Results: A total of 400 valid responses were returned from parents. It was shown that symptom severity was the most important in parents' decision-making to self-medicate antibiotics for children's URTIs, followed by risk of side effects or resistance, duration, total cost, onset time of antibiotic, and antibiotic effectiveness. More severe and longer symptoms, perceived higher effectiveness, and fewer side effects of antibiotics consistently were significantly associated with parents' more likely to self-medicate with antibiotics for children's URTIs. There are also different patterns of decision-making of parents, including 'symptoms-oriented,' 'safety-oriented,' and 'comprehensive consideration.' Parents' gender and educational level were associated with decision-making patterns.

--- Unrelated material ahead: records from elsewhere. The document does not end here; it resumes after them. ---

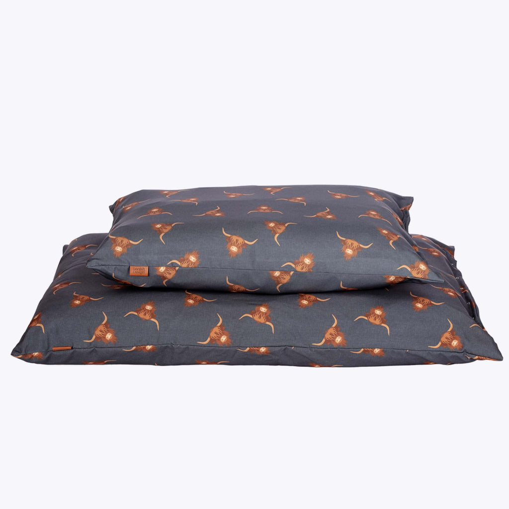 The Danish Design Bramblehorn Deep Duvet brings rugged Highland charm and exceptional comfort to your dog’s everyday rest. Featuring a bold, shaggy Highland cow print in warm browns, soft tans and a rich steel-blue grey background, this cosy duvet blends rustic style with modern home aesthetics.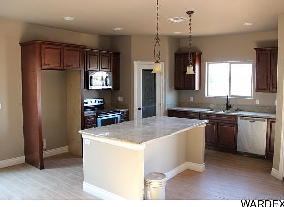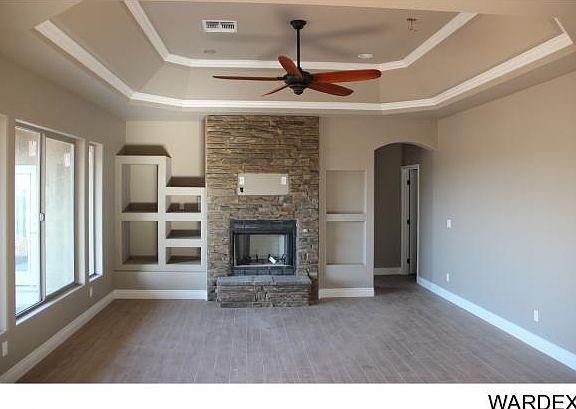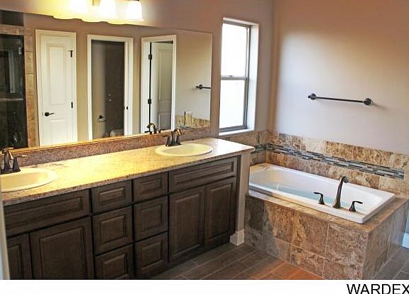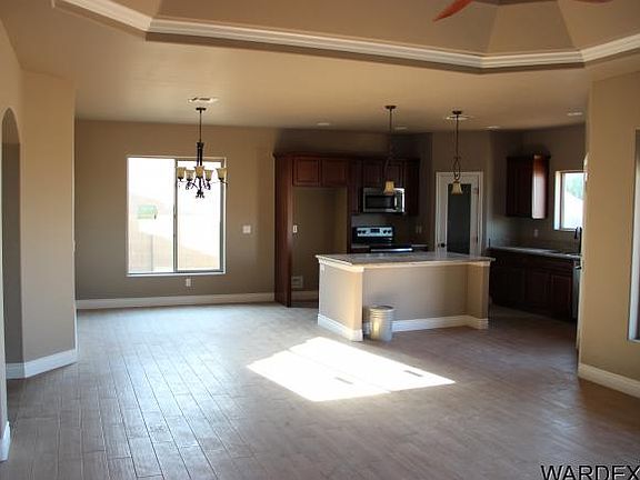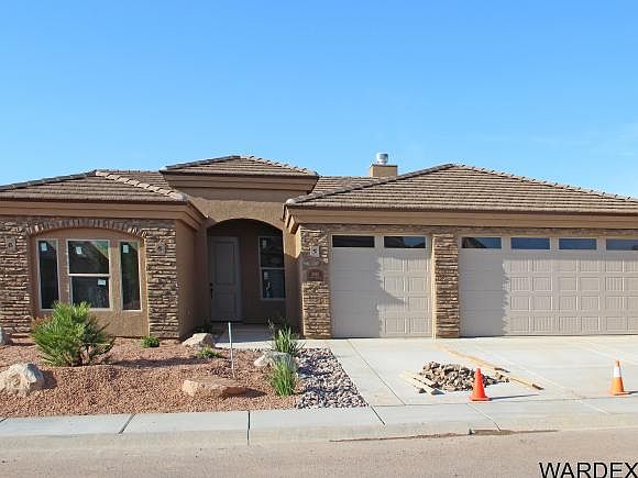 Beautiful new custom home in the only master planned community in central Kingman. Custom finishes include crown molding, elegant maple cabinetry, beautiful granite counters, custom walk-in shower w/ separate whirlpool tub in master, designer fans, Moen plumbing fixtures, stainless steel appliances, RV parking. Energy saving features include upgraded insulation, Low-E windows, hot water recirculating pump. Low maintenance features such as tile roof, stucco eaves, elastomeric paint, front & back landscaping and more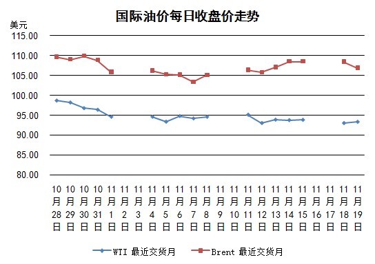 當(dāng)日紐約WTI油價(jià)微漲。道達(dá)爾在比利時(shí)安特衛(wèi)普的煉油廠發(fā)生火災(zāi),該煉油廠為歐洲第二大煉油廠,該消息推升油價(jià)上行。11月20日新一輪伊朗核問題談判將開始,另外美國石油庫存周報(bào)即將公布,因此市場觀望情緒濃厚,交易量有限。根據(jù)路透社調(diào)查預(yù)測,截至15日的美國原油庫存比前一周增加90萬桶,汽油庫存減少30萬桶,餾分油減少60萬桶。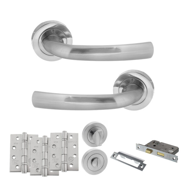 STATUS Nevada Door Handle Pack (Bathroom Set – 3″ CE Bathroom Lock, 4″ Fire Rated Hinges x3) – Satin Chrome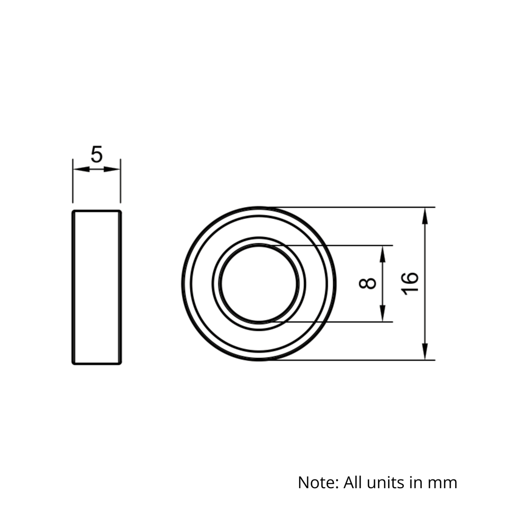 8x16x5mm Compact Radial Bearing (688-2RS) is designed for smooth rotational motion in compact spaces, offering reliable performance where precision and environmental sealing are critical. This deep-groove ball bearing features a slim profile for space-constrained assemblies and includes dual rubber seals (2RS) to protect against dust and debris. Ideal for applications requiring low-friction rotation, compact size, and long-term durability.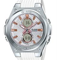 Baby-G by Casio. White color case and band with rose gold tone accents. Digital and analog dial. Resin band. 100 meters water resistant. LED-Backlight

Conclusions: Parents' self-medication of antibiotics for children's URTIs was mainly driven by symptoms, followed by perceived antibiotic value. We recommend a multi-faceted intervention strategy to enhance parents' ability to differentiate mild from severe URTIs, as well as their knowledge of antibiotics.
Copyright © 2024 by the Journal of Global Health. All rights reserved.
Conflict of interest statement
Disclosure of interest: The authors have completed the ICMJE Declaration of Interest Form (available upon request from the corresponding author), and declare no conflicts of interest.